→ PROVIDED ENTRIES
((

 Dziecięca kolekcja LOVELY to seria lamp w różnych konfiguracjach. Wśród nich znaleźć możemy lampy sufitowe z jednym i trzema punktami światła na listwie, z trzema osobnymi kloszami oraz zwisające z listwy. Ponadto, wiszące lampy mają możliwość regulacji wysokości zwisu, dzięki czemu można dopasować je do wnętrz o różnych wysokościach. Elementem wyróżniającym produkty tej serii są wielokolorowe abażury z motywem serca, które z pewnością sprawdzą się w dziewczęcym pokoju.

))
((

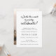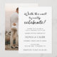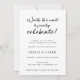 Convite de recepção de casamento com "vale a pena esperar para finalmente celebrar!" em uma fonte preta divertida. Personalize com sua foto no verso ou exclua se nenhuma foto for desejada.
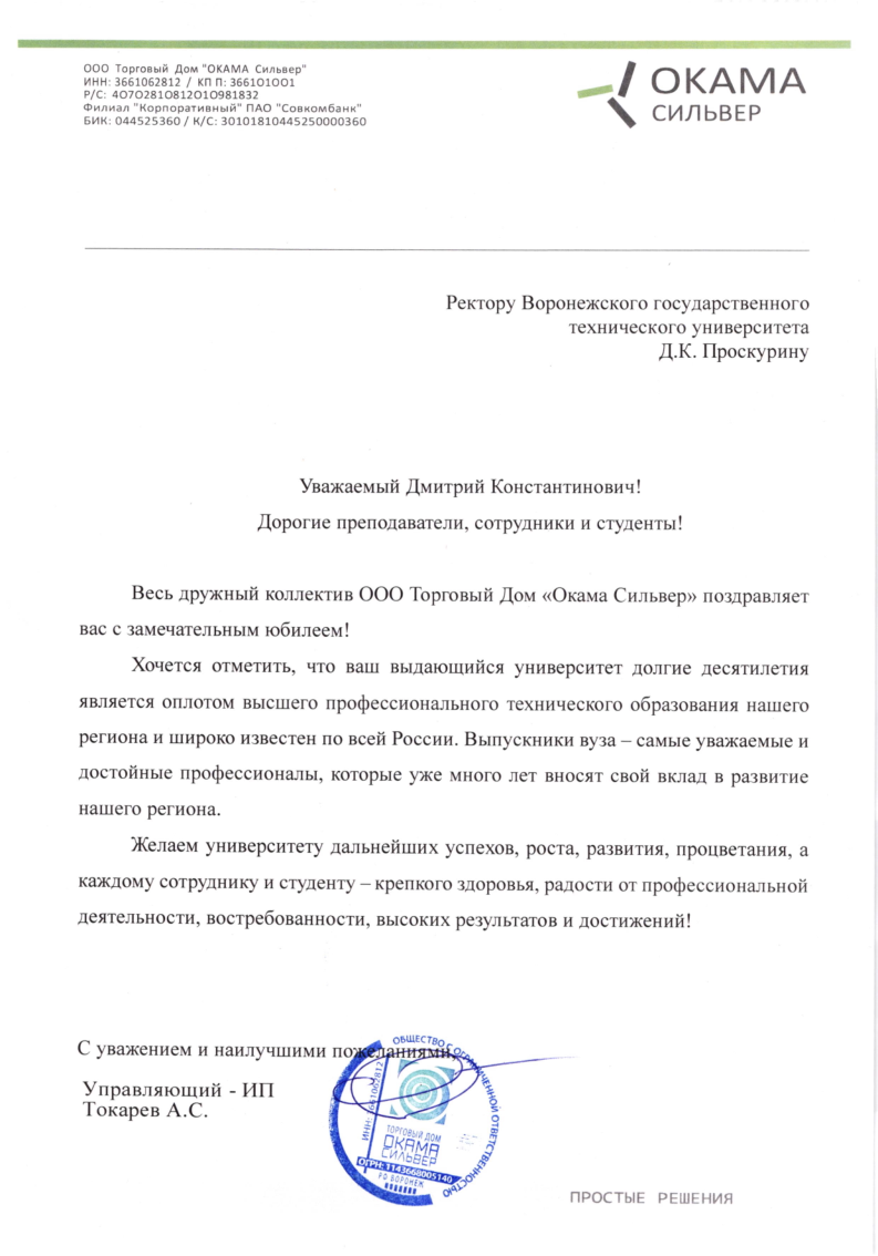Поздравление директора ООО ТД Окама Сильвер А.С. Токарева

))

→ ACTION ITEM
Working from the records above, set down word for word everything from the line containing "Convite de recepção" down to the line containing "Поздравление директора ООО", ends included, minus the pictures.

→ EXERCISE RESULT
 Convite de recepção de casamento com "vale a pena esperar para finalmente celebrar!" em uma fonte preta divertida. Personalize com sua foto no verso ou exclua se nenhuma foto for desejada.
Поздравление директора ООО ТД Окама Сильвер А.С. Токарева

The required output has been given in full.